Netanyahu’s epic failure
Israel now finds itself counting the ways that Mr. Netanyahu’s grand strategy against Iran has failed.
And Israelis are increasingly convinced that it will make the 2015 Iran nuclear deal look “perfect in comparison,” as the Netanyahu biographer Ben Caspit wrote in the Israeli daily Maariv on Monday.
For more than a decade, Mr. Netanyahu has steadily raised his bets in pursuing his strategy against Iran. His 2015 address to Congress denouncing then-President Obama’s nuclear agreement with Iran broke with decades of Israeli bipartisanship and left Mr. Netanyahu frozen out of the talks.
His alliance with President Trump helped turn some Democrats against Israel. The war with Iran, and the perception that Israel had dragged the United States into it, added many Republicans to that column.

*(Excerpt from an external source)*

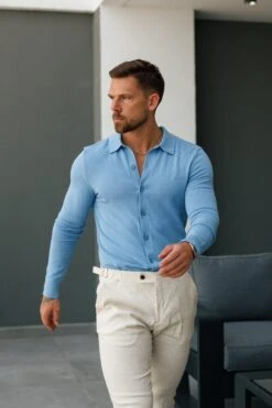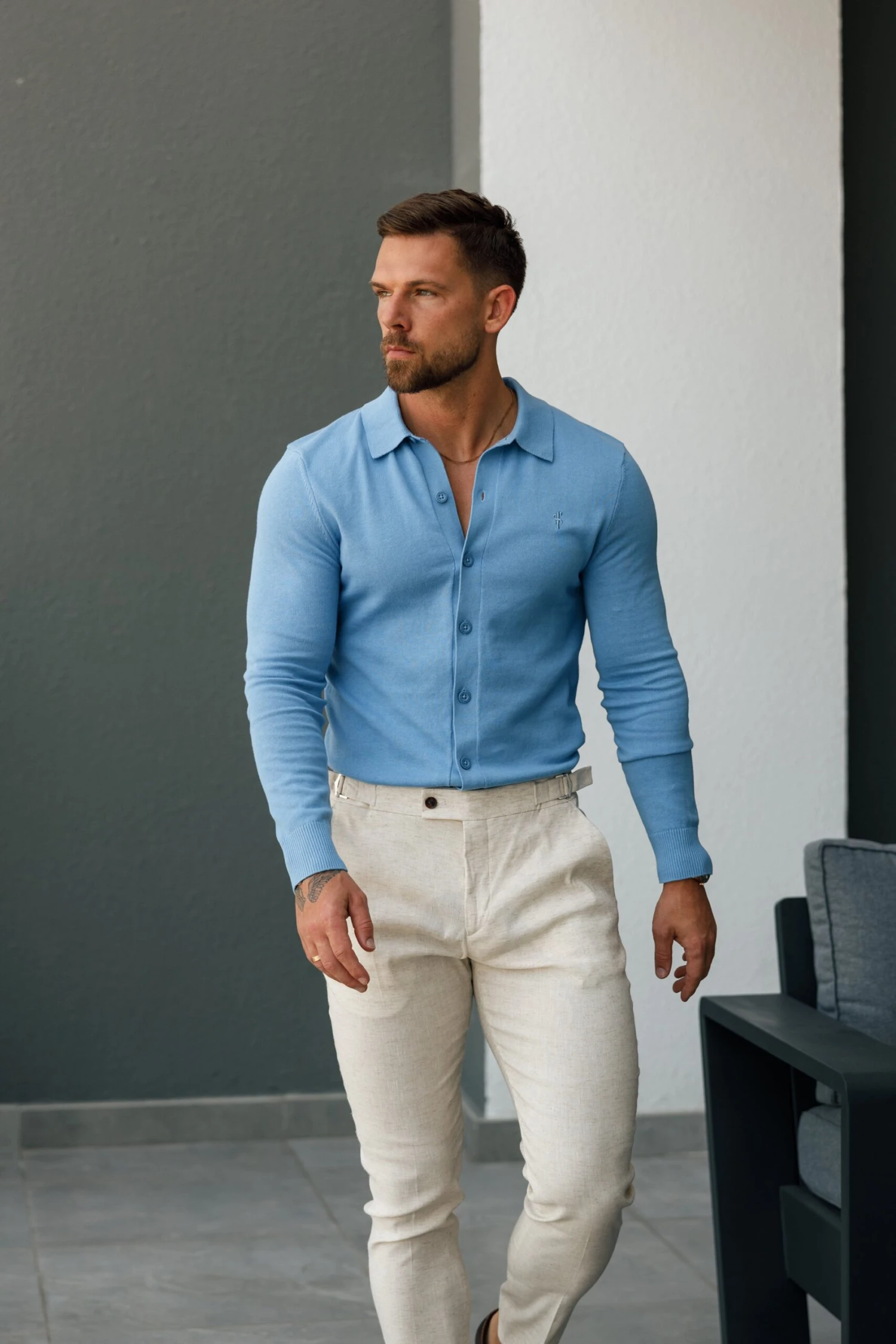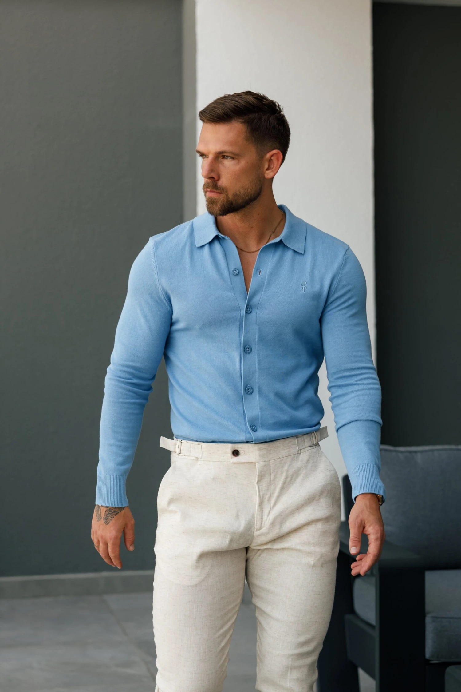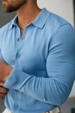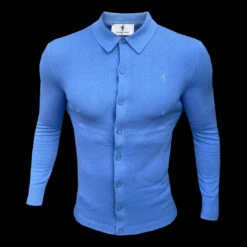 Father Sons Classic Plain Light Blue Knitted Button Through Polo Short Sleeve – FSN169

With its lofty goal of toppling the Iranian regime, the war was the culmination of Mr. Netanyahu’s long-term strategy. But it ended up showing Iran that the thing it feared most — the might of the U.S. military — was something that it could withstand, said Shira Efron, an analyst at RAND Corporation, a think tank.
“Israel has lost all its leverage, and this has real costs,” she said. “The U.S. can just sort of walk away. But Israel is here in the region with an Iran that is only more threatening.”
Mr. Katz, the analyst and a former editor of The Jerusalem Post, said the upshot of the U.S.-Iran agreement was a return to Israel’s strategic position in the region before the Hamas-led Oct. 7, 2023 attack on Israel that started the war in Gaza.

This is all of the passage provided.